This video is for those of you who want
some additional practice with asymptotic
notation. And we're gonna go through three
additional optional examples. Let's start
with the first one. So the point of this
first example is to show how to formally
prove that one function is big O of
another. So the function that I want to
work with is two raised to the N plus ten,
okay, so it's the two to the N function
that you're all familiar with, we're going
to shift it by ten and the claim is that
this function is big O of two to the N,
so without the ten. So how would one prove
such a claim? Well lets go back to the
definition of what it means for one
function to be big O over another, what we
have to prove is we need to show that
there exists two constants, so that for
all sufficiently large N meaning N bigger
than N-nought, our left hand side, so the
function should be N plus ten is bounded
above by a constant multiple C times the
function on right hand side to the N.
Right so for all sufficiently large N the
function is bounded above by a constant
multiple of two to the N. So unlike the
first basic example where I just pulled the
two constants out of a hat let's actually
start the proof and see how you'd reverse
engineer the suitable choice of these two
constants. So, what a proof would
look like, it would start with two to the
N plus ten, on the left-hand side, and
then there'd be a chain of inequalities,
terminating in this, C times two to the N.

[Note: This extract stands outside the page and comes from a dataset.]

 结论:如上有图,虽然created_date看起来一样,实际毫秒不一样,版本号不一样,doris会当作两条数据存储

So, let's just go ahead and start such a
proof, and see what we might do. So, if we
start with two to the N plus ten on the
left-hand side, what would our first step
look like? Well, this 10's really
annoying, so it makes sense to separate it
out. So you could write two to the N plus
ten as the product of two terms. Two to
the ten, and then the two to the N. Also
known as just 1024 times two to the N. And
now we're in, looking in really good
shape. So if you look at where we are so
far, and where we want to get to, it seems
like we should be choosing our constant C
to be 1024. So if we choose C to be 1024
and we don't have to be clever with N-nought
we can just set that equal to one, then indeed
star holds to the desired inequality and
remember to prove that one function is big
O of another all you gotta do is come up
with one pair of constants that works and
we've just reverse engineered it just
choosing the constant C to be 1024 and N-nought
to be one works so this proves that
two to the N plus ten is big O over two
to the N. Next let's turn to another non
example how, of a function which is not
big O over another. And so this will look
superficially similar to the previous one.

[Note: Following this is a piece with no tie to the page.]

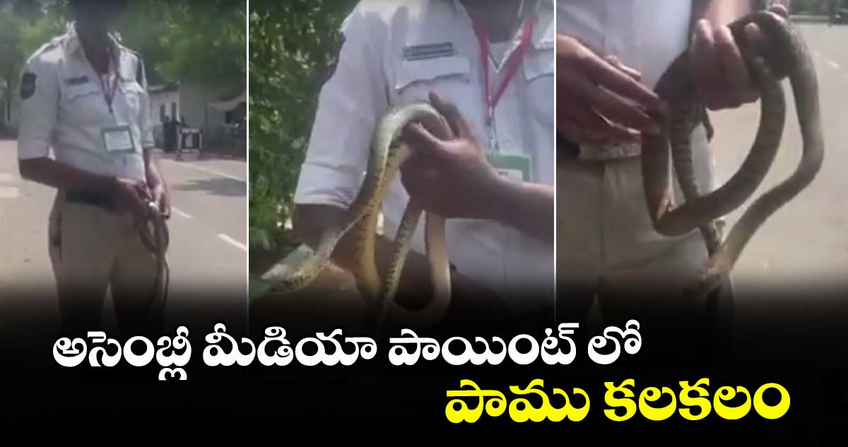 అసెంబ్లీ ఆవరణలో శుక్రవారం ( మార్చి 20)న ఒక్కసారిగా కలకలం రేగింది. మీడియా పాయింట్ దగ్గర ఒక పాము ప్రత్యక్షం కావడంతో అక్కుడున్న వారు పరుగులు తీశారు.అయితే ఆ పామును విధుల్లో ఉన్న కానిస్టేబుల్ పట్టుకుని బయట వదిలిపెట్టారు. కానిస్టేబుల్ ధైర్యంగా సమయస్ఫూర్తితో వ్యవహరించడంతో అక్కడ ఉన్న మీడియా సిబ్బంది ఊపిరి పీల్చుకున్నారు.

Instead of taking, adding ten in the
exponent of the function two to the N, I'm
gonna multiply by ten in the exponent. And
the claim is if you multiply by ten in the
exponent then this is not the same
asymptotically as two to the N. So once
again, usually the way you prove one thing
is not big O of another is by
contridiction. So we're going to assume
the contrary, that two to the ten N is in
fact big O of two to the N. What would it
mean if that were true? Well, by the
definition of big O notation, that would
mean there are constant C and N-nought.
So that for all large N, two to the ten
N is bounded above by C times 2 to the
N. So to complete the proof what we have
to do is go from this assumption and
derive something which is obviously false
but that's easy to do just by cancelling
this 2 of the N terms from both sides.
So if we divide both sides by 2 to the
N, which is a positive number since N is
positive, what we find would be a logical
consequence of our assumption would be
that two raised to the nine N is bounded
above by some fixed constant C for all N
at least N-nought. But this inequality of
course is certainly false. The right hand
side is some fixed constant independent of
N. The left hand side is going to infinity
as N grows large. So there's no way this
inequality holds for arbitrarily large N.

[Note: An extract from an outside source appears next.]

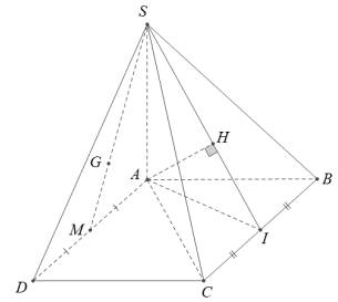 Cho hình chóp \(S.ABCD\) có đáy là hình thoi cạnh \(a,\,\,\angle ABC = {60^0}\) và \(SA\) vuông góc với

So that concludes the proof by
contradiction. This means our assumption
was not the case, and indeed it is not the case
that two to the ten N is big O of two to
the N. So our third and final example is a
little bit more complicated than the first
two. It'll give us some practice using
theta notation. Recall that while big O is
analogous to saying one function is less
than or equal to another, theta notation
is in the spirit of saying one function is
equal asymptotically to another. So here's
gonna be the formal claim we're gonna
prove, for every pair of functions F and
G, both of these functions are defined on
the positive integers, the claim is that
it doesn't matter, up to a constant
factors, whether we take point wise
maximum of the two functions or whether we
take the point wise sum of the two
functions. So let me make sure it's clear
that you know I mean by the point wise
maximum by max F and G. So, if you look at
the two functions, both functions of N,
maybe we have F being this green function
here and we have g hooked to this red
function. Then by the point wise maximum
max(F,G) just means the upper
envelope of these two functions. So that's
gonna be this blue function. So lets now
turn to the proof of this claim that the
point wise function of these two function
is theta of the sum of two functions. So
let's recall what theta means formally.
What it means is that the function on the
left can be sandwiched between the
constant multiples of the function on the
right. So we need to exhibit both the
usual N-nought but also two constants, the
small one, C1, and the big one, C2, so
that the point wise maximum(F,G),
whatever that may be, is wedged in between
C1 and C2 times F(N) plus G(N),
respectively. So to see where these
constants C1 and C2 are going to come
from, let's observe the following
inequalities. So no matter what N is, any
positive integer N, we have the following.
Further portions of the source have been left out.